Apic – Interview
Grave recul de la démocratie dans la «Suisse du Moyen-Orient»
Jacques Berset, Apic
Genève, 22 octobre 2003 (Apic) En proie à une sévère crise économique qui provoque l’émigration d’une jeunesse sans perspectives, sa souveraineté limitée par la présence sur son sol de 20’000 soldats syriens, le Liban n’est plus la «Suisse du Moyen-Orient» de jadis. «Nous souffrons d’une grave régression de la démocratie», a déclaré à l’Apic le cardinal Nasrallah Boutros Sfeir, patriarche maronite d’Antioche et de tout l’Orient.

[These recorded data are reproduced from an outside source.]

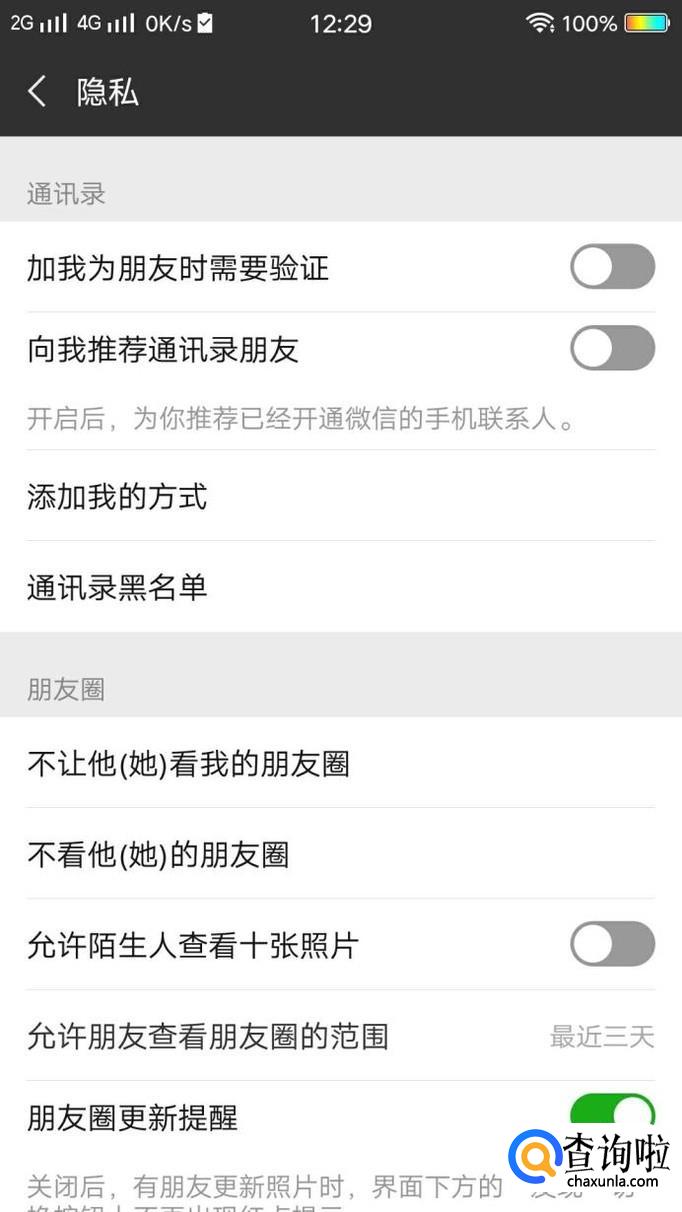 进入之后,即可看到各个隐私选项,如图所示。
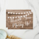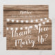 Thank you wedding officiant card featuring a rustic wood background, string lights, and a personalised template.
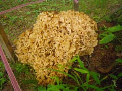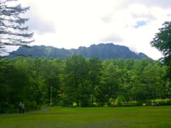 戸隠神社中社を過ぎ、戸隠森林植物園の駐車場に車を停める。こちらは無料な上に車が少ない。植物園に入った所の中央広場からは、ギザギザの稜線を連ねる戸隠連峰が真正面に眺められる。素晴らしい。森林学習館の脇には初めて見る様なでっかいマイタケが出ていた。囲いでキープされているようなので、あとで植物園のスタッフが食べるのかな。
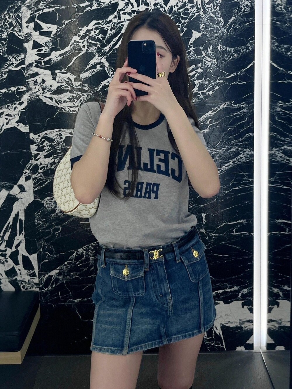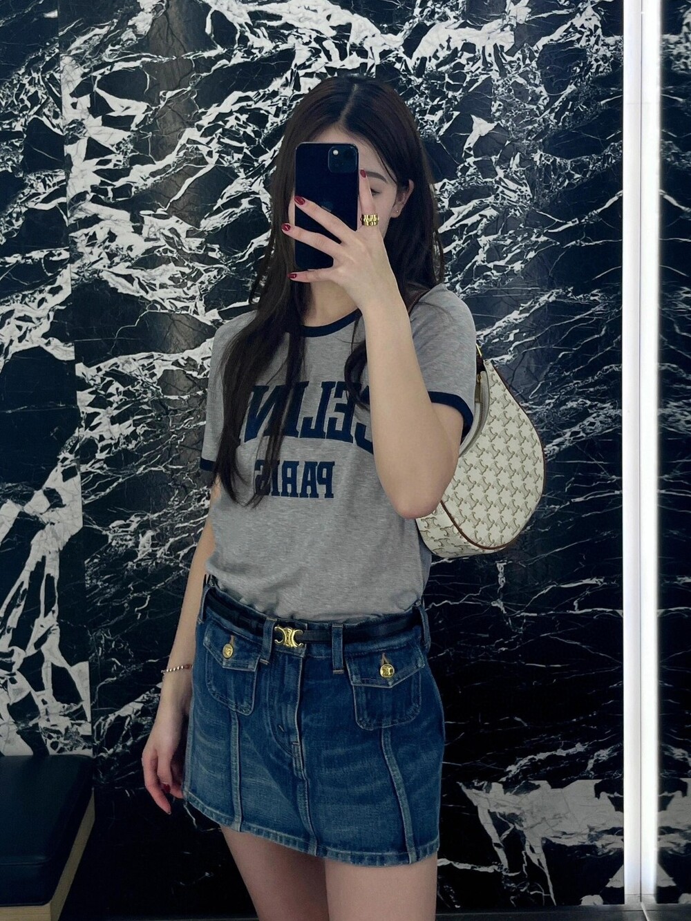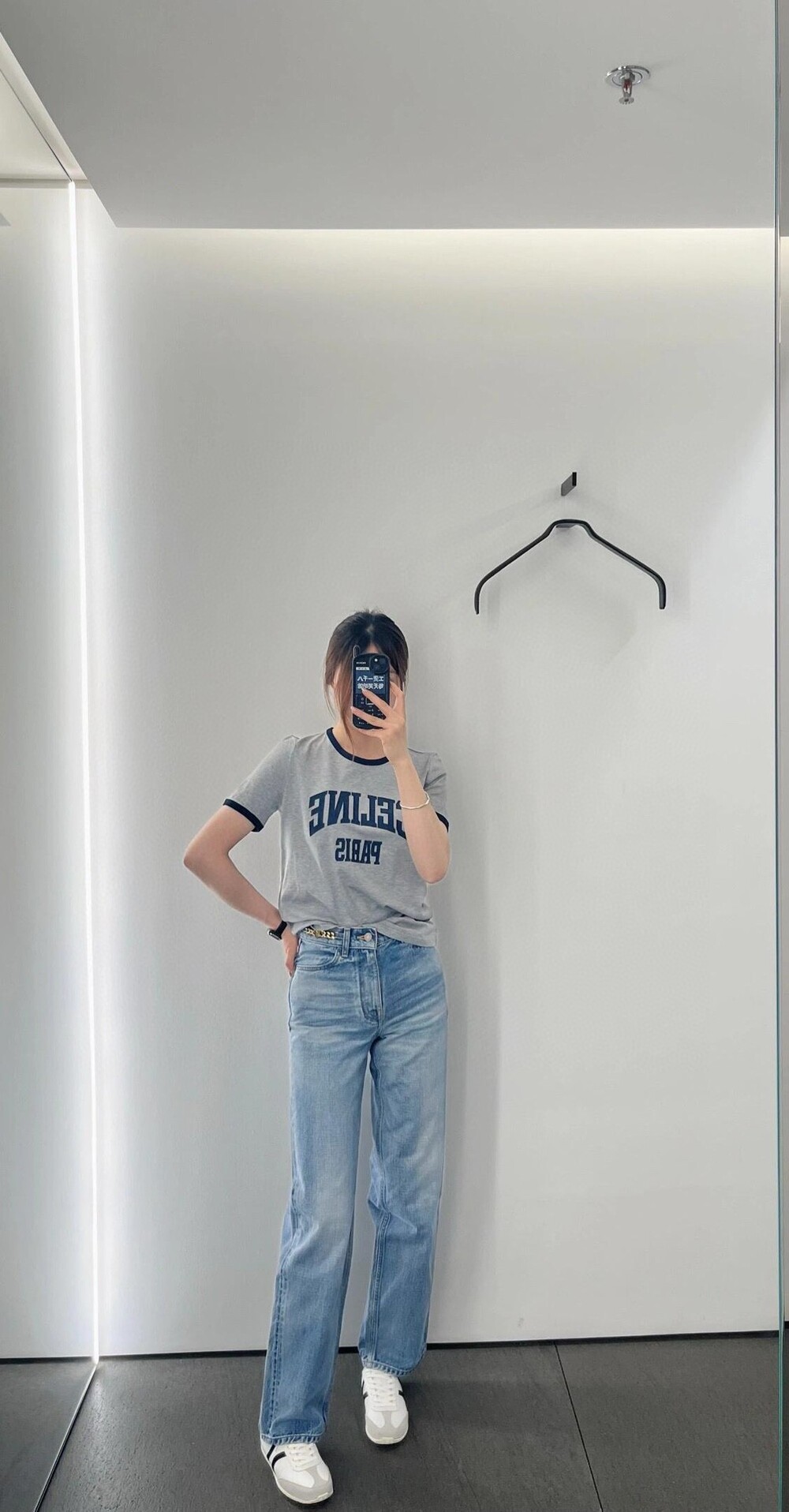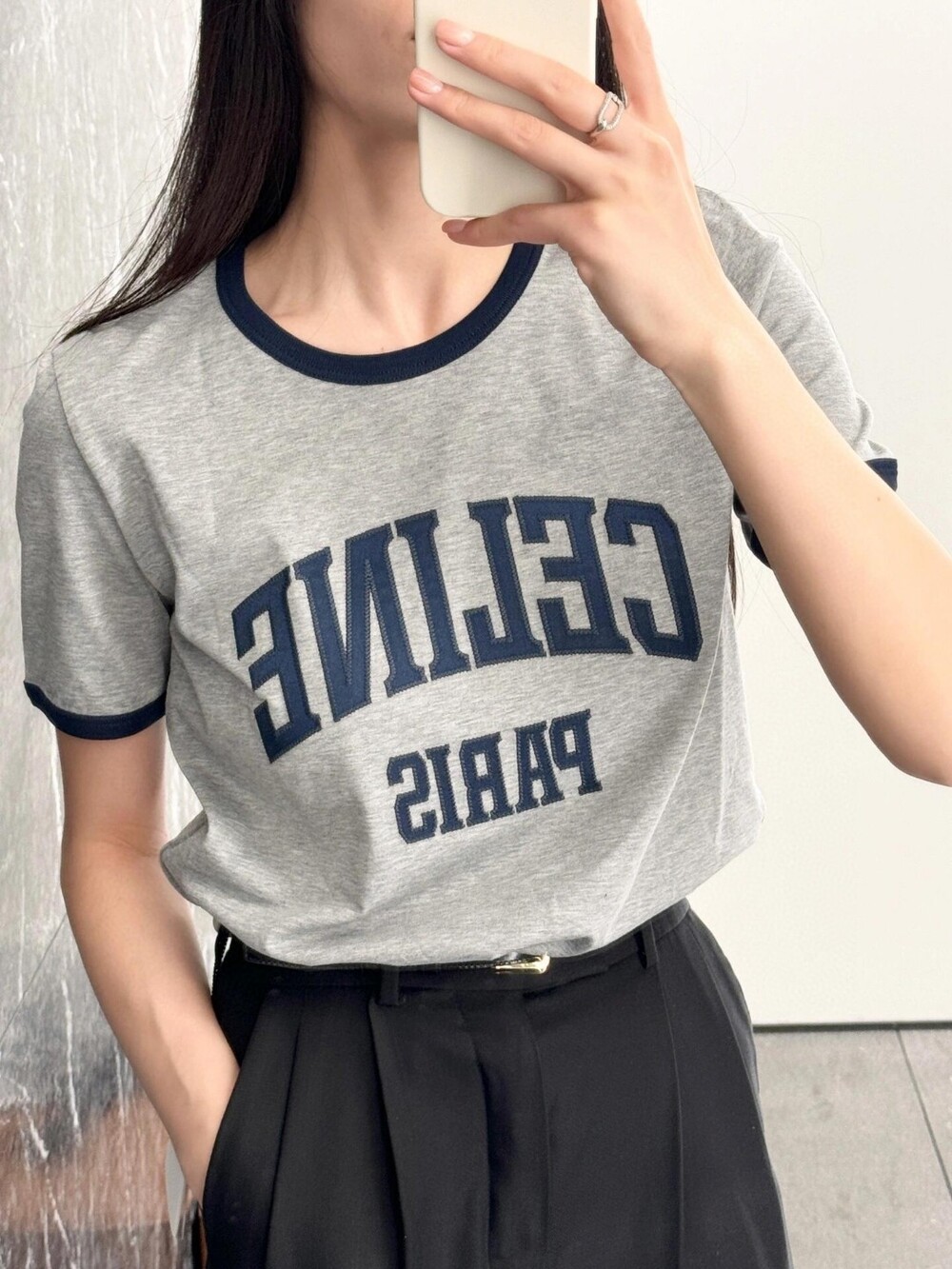 그레이와 네이비 배색 조화가 예쁜 셀 반소매 티입니다 🤍

76e chef de l’Eglise maronite et 3e cardinal issu des rangs de cette ancienne Eglise d’Orient toujours restée unie à Rome, le patriarche maronite est de passage en Suisse du 20 au 23 octobre. Outre les rencontres prévues avec des responsables politiques et religieux, le cardinal Sfeir visite la communauté maronite, mais également les autres membres de la diaspora libanaise présente sur sol helvétique, soit près de 10’000 personnes, toutes confessions confondues. Chef spirituel, le leader maronite joue également un rôle de chef politique et incarne la nation libanaise bien au-delà de sa propre communauté.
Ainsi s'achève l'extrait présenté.